**Material shown**.
--
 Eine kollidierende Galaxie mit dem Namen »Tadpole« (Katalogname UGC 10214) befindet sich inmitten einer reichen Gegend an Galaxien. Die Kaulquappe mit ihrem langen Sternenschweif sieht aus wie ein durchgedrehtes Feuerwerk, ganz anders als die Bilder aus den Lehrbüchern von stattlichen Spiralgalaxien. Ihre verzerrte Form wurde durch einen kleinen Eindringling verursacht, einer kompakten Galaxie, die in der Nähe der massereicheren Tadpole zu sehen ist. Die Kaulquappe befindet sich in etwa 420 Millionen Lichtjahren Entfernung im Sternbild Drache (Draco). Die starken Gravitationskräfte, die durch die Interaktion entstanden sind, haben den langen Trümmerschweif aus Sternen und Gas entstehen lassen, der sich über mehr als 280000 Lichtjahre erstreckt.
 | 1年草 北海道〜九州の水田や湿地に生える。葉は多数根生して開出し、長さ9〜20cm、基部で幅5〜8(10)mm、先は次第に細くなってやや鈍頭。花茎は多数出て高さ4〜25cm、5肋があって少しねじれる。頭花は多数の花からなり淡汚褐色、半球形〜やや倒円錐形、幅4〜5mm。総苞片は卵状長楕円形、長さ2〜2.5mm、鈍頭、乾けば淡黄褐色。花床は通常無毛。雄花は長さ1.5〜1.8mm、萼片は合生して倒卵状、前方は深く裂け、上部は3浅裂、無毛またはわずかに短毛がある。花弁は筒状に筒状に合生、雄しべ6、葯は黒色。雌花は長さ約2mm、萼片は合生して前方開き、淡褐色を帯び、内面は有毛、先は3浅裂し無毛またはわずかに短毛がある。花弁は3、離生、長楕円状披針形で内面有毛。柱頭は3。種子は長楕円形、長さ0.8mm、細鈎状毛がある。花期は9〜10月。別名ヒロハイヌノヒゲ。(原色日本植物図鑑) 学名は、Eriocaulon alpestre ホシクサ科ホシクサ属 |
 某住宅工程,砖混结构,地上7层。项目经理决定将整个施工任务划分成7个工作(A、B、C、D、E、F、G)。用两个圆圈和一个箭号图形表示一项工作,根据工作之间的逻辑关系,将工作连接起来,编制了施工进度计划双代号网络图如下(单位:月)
--
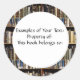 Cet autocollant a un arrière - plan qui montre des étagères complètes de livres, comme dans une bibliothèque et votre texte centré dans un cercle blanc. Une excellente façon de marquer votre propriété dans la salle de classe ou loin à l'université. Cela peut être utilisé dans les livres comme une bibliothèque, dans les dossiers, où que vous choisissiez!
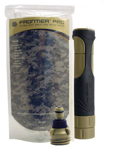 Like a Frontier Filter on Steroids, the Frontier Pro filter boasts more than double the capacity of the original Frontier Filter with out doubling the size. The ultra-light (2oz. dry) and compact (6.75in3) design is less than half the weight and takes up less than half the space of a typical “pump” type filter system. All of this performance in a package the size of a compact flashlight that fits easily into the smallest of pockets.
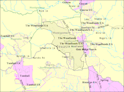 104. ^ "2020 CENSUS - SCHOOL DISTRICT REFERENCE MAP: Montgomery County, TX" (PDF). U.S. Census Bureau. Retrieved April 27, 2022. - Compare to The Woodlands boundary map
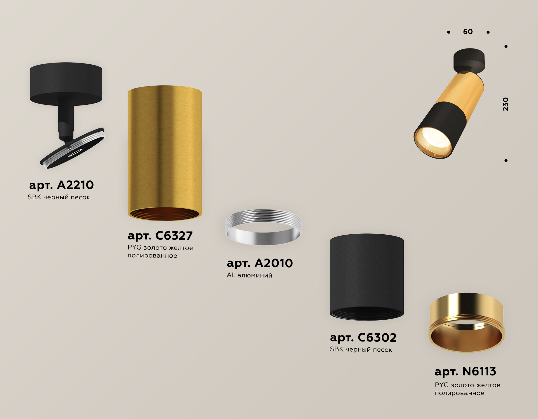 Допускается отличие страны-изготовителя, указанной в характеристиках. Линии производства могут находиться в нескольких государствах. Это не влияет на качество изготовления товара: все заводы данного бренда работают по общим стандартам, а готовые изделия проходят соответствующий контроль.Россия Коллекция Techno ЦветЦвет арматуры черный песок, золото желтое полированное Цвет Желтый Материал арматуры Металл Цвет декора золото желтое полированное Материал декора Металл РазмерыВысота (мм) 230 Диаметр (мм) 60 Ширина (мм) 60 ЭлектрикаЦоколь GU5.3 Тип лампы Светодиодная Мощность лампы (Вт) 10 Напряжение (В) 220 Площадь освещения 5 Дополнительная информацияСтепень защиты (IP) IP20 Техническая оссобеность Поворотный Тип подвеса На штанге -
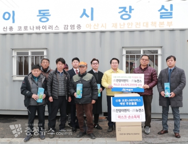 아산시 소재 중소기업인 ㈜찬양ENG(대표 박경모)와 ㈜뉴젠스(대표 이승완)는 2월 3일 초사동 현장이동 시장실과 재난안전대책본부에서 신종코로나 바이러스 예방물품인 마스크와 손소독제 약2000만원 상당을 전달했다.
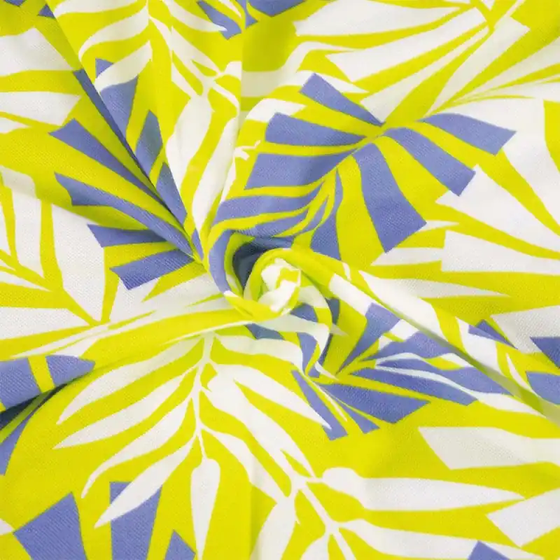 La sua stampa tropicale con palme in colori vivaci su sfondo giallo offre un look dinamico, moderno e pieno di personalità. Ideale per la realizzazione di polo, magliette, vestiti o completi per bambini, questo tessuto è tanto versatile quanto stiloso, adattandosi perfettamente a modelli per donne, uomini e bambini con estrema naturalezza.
--
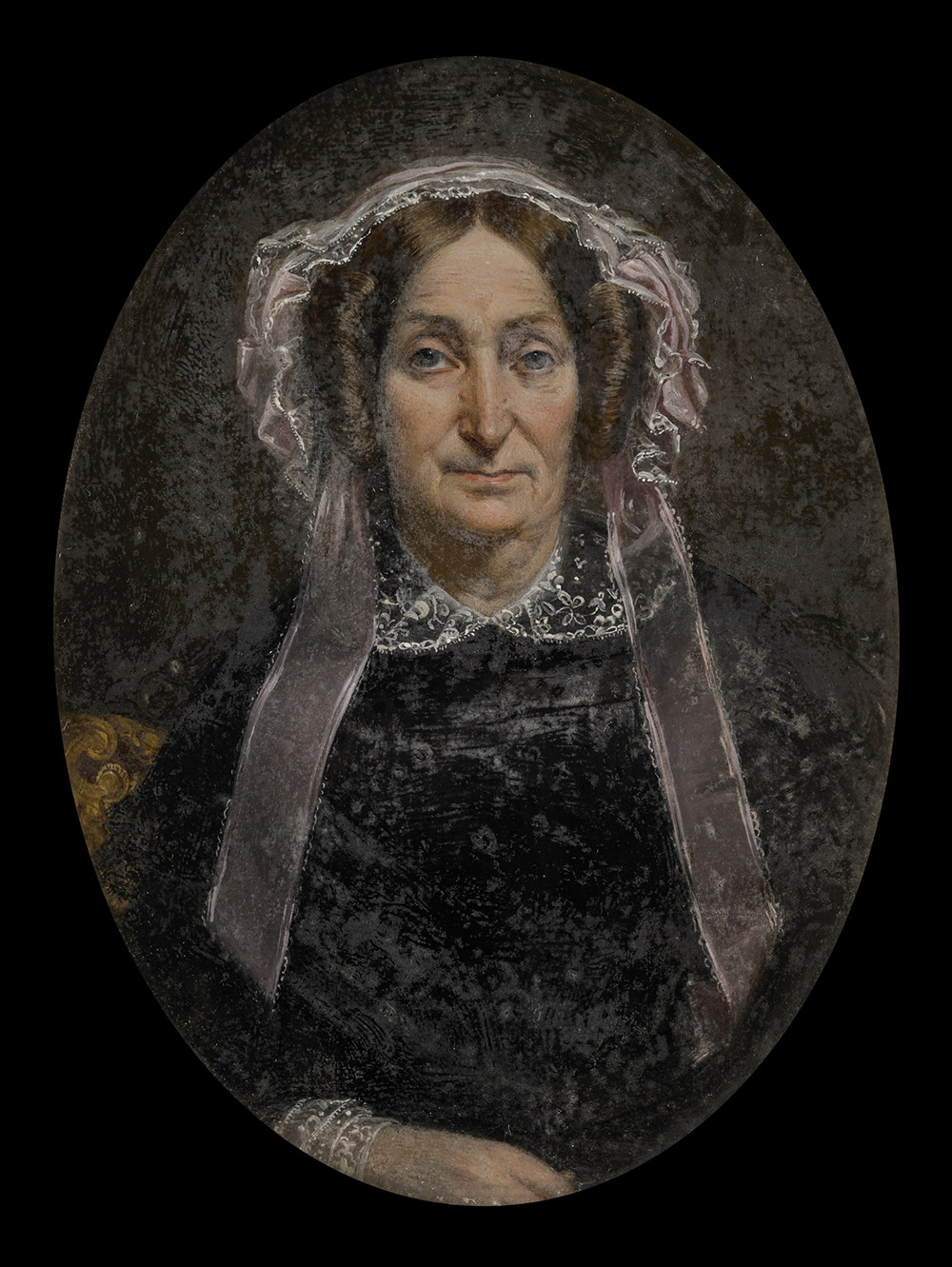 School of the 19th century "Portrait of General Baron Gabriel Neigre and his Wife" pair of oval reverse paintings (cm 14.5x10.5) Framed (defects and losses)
--
**Work required**. Going back to the entries above, set down exactly the lines that begin at the one with "Eine kollidierende Galaxie" and end at the one with "某住宅工程,砖混结构,地上7", both included, and nothing else.

**Finished task**.
 Eine kollidierende Galaxie mit dem Namen »Tadpole« (Katalogname UGC 10214) befindet sich inmitten einer reichen Gegend an Galaxien. Die Kaulquappe mit ihrem langen Sternenschweif sieht aus wie ein durchgedrehtes Feuerwerk, ganz anders als die Bilder aus den Lehrbüchern von stattlichen Spiralgalaxien. Ihre verzerrte Form wurde durch einen kleinen Eindringling verursacht, einer kompakten Galaxie, die in der Nähe der massereicheren Tadpole zu sehen ist. Die Kaulquappe befindet sich in etwa 420 Millionen Lichtjahren Entfernung im Sternbild Drache (Draco). Die starken Gravitationskräfte, die durch die Interaktion entstanden sind, haben den langen Trümmerschweif aus Sternen und Gas entstehen lassen, der sich über mehr als 280000 Lichtjahre erstreckt.
 | 1年草 北海道〜九州の水田や湿地に生える。葉は多数根生して開出し、長さ9〜20cm、基部で幅5〜8(10)mm、先は次第に細くなってやや鈍頭。花茎は多数出て高さ4〜25cm、5肋があって少しねじれる。頭花は多数の花からなり淡汚褐色、半球形〜やや倒円錐形、幅4〜5mm。総苞片は卵状長楕円形、長さ2〜2.5mm、鈍頭、乾けば淡黄褐色。花床は通常無毛。雄花は長さ1.5〜1.8mm、萼片は合生して倒卵状、前方は深く裂け、上部は3浅裂、無毛またはわずかに短毛がある。花弁は筒状に筒状に合生、雄しべ6、葯は黒色。雌花は長さ約2mm、萼片は合生して前方開き、淡褐色を帯び、内面は有毛、先は3浅裂し無毛またはわずかに短毛がある。花弁は3、離生、長楕円状披針形で内面有毛。柱頭は3。種子は長楕円形、長さ0.8mm、細鈎状毛がある。花期は9〜10月。別名ヒロハイヌノヒゲ。(原色日本植物図鑑) 学名は、Eriocaulon alpestre ホシクサ科ホシクサ属 |
 某住宅工程,砖混结构,地上7层。项目经理决定将整个施工任务划分成7个工作(A、B、C、D、E、F、G)。用两个圆圈和一个箭号图形表示一项工作,根据工作之间的逻辑关系,将工作连接起来,编制了施工进度计划双代号网络图如下(单位:月)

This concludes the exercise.